→ Goal of the exercise:
Please reproduce the data exactly and omit the pictures.

→ Collected material:
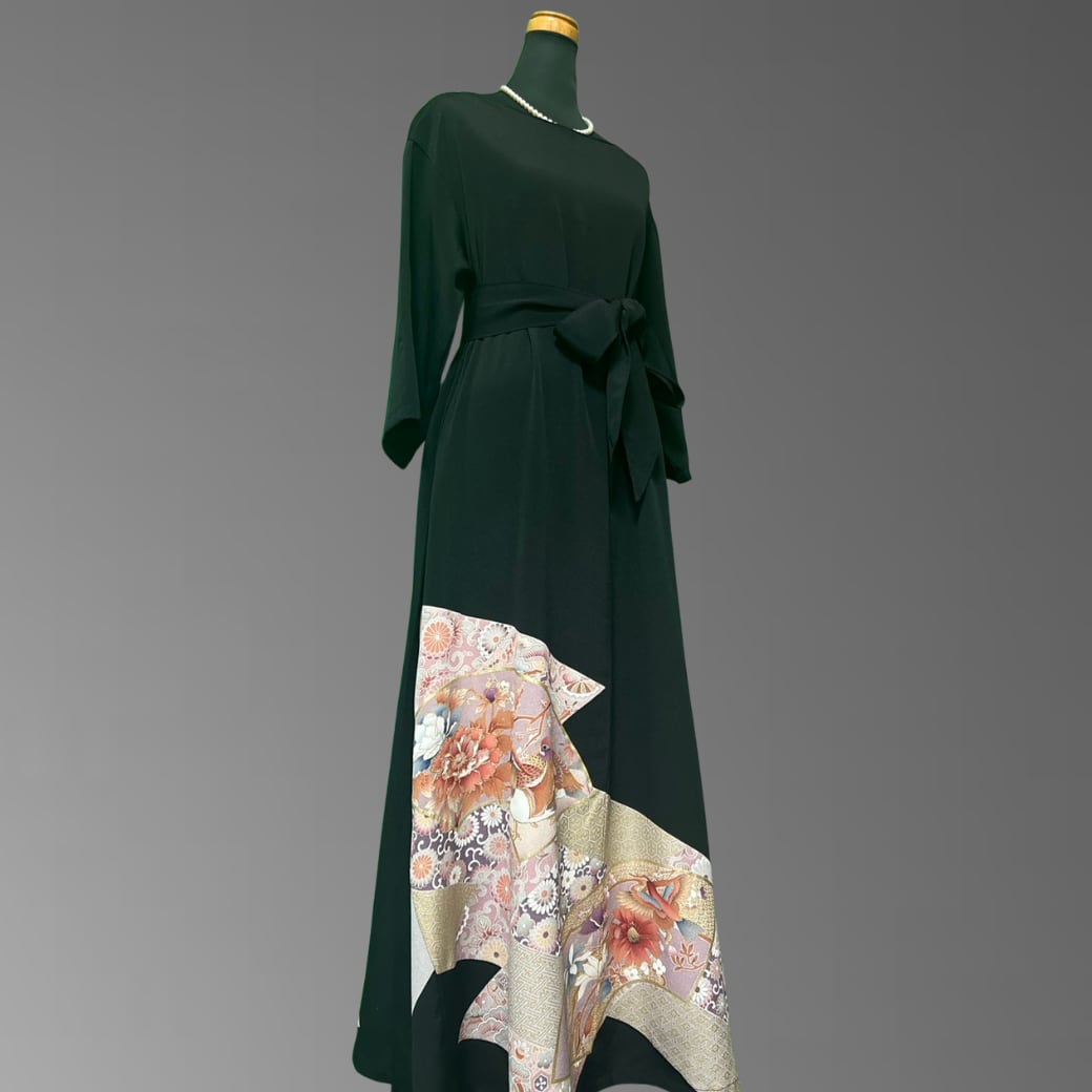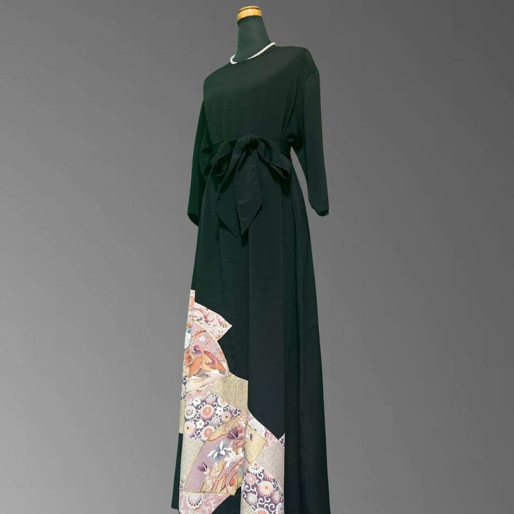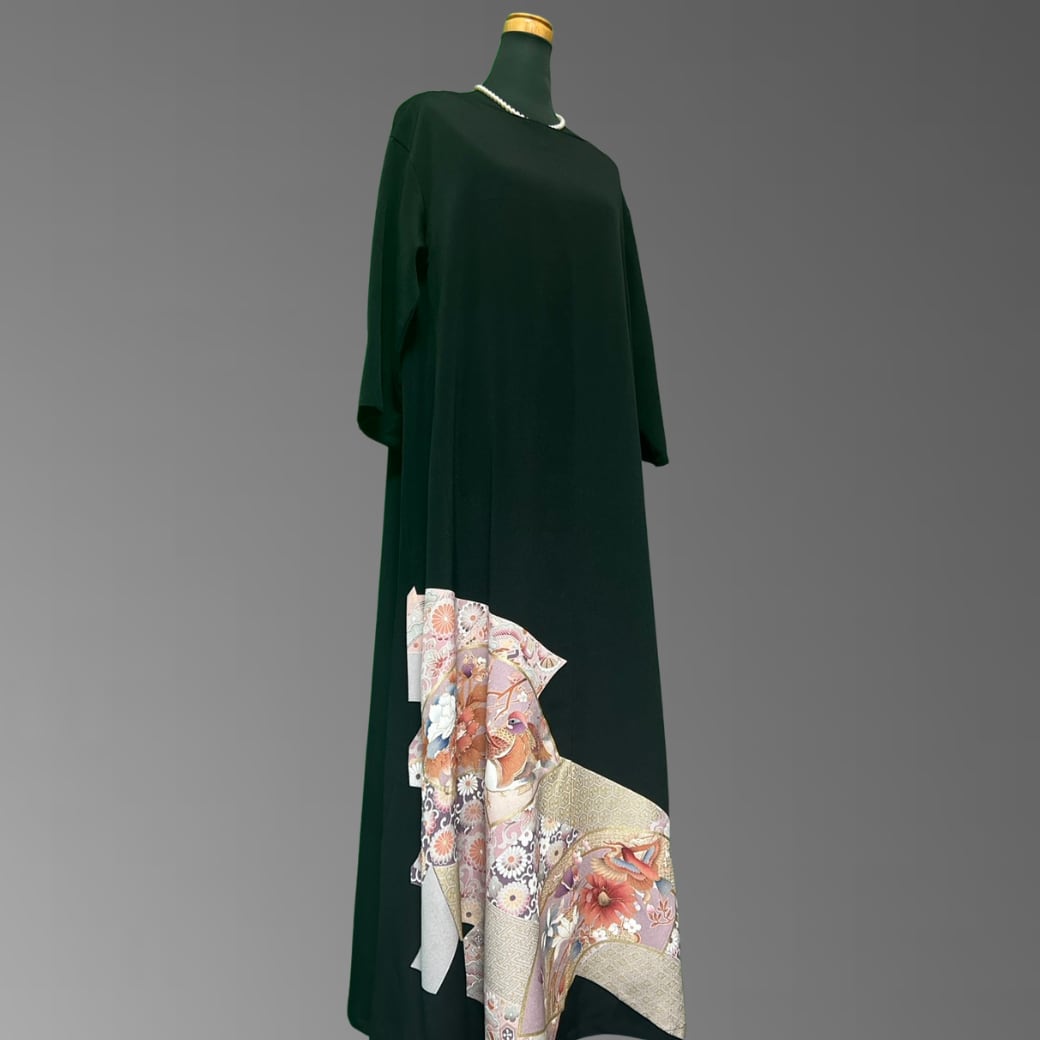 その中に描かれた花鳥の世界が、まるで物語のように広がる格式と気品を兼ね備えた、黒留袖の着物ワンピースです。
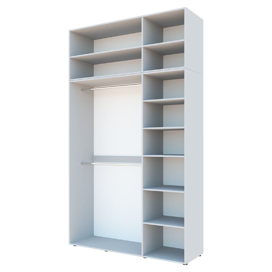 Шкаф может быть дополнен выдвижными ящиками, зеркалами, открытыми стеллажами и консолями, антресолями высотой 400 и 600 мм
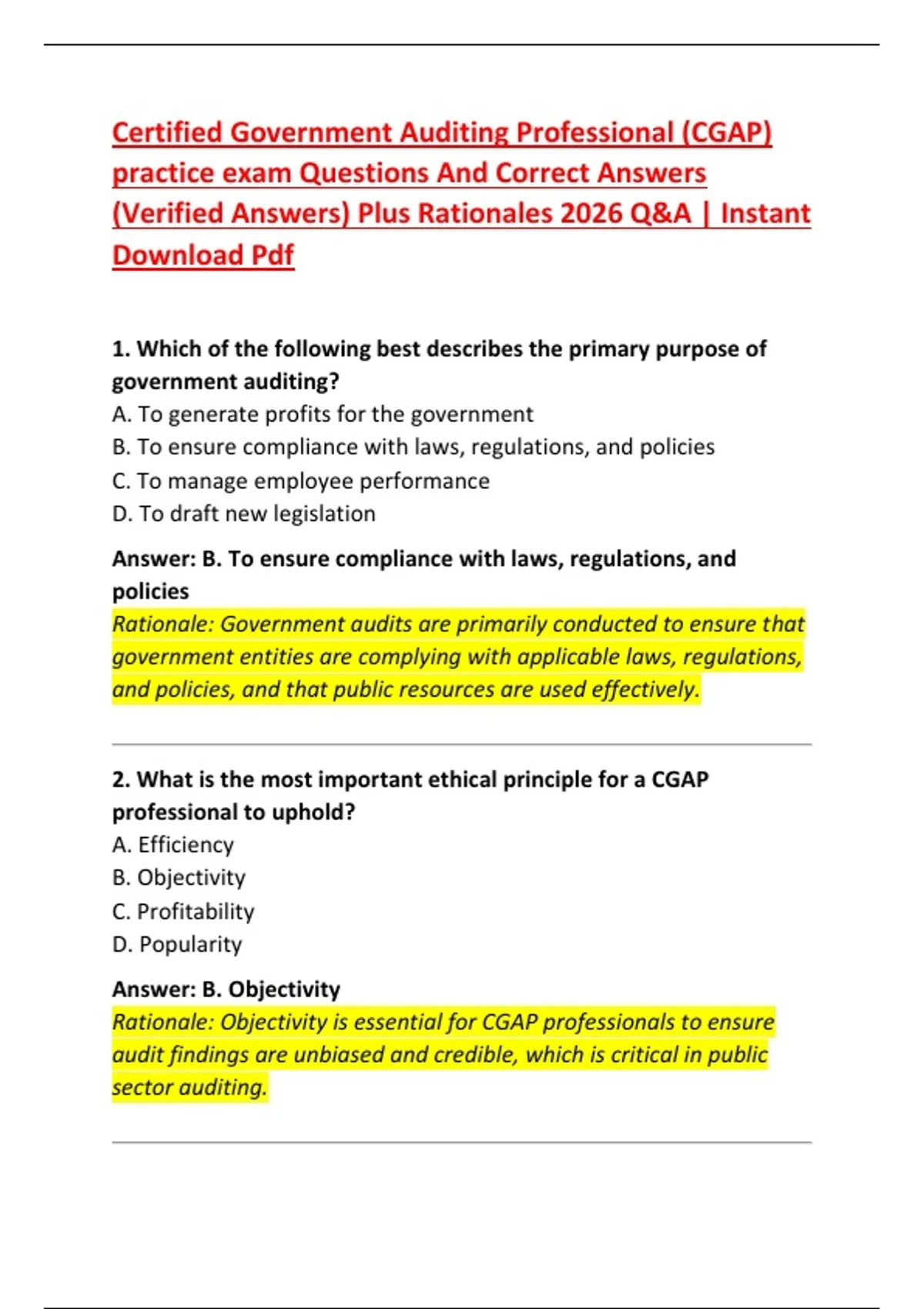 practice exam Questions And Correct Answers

→ Response to the task:
 その中に描かれた花鳥の世界が、まるで物語のように広がる格式と気品を兼ね備えた、黒留袖の着物ワンピースです。
 Шкаф может быть дополнен выдвижными ящиками, зеркалами, открытыми стеллажами и консолями, антресолями высотой 400 и 600 мм
 practice exam Questions And Correct Answers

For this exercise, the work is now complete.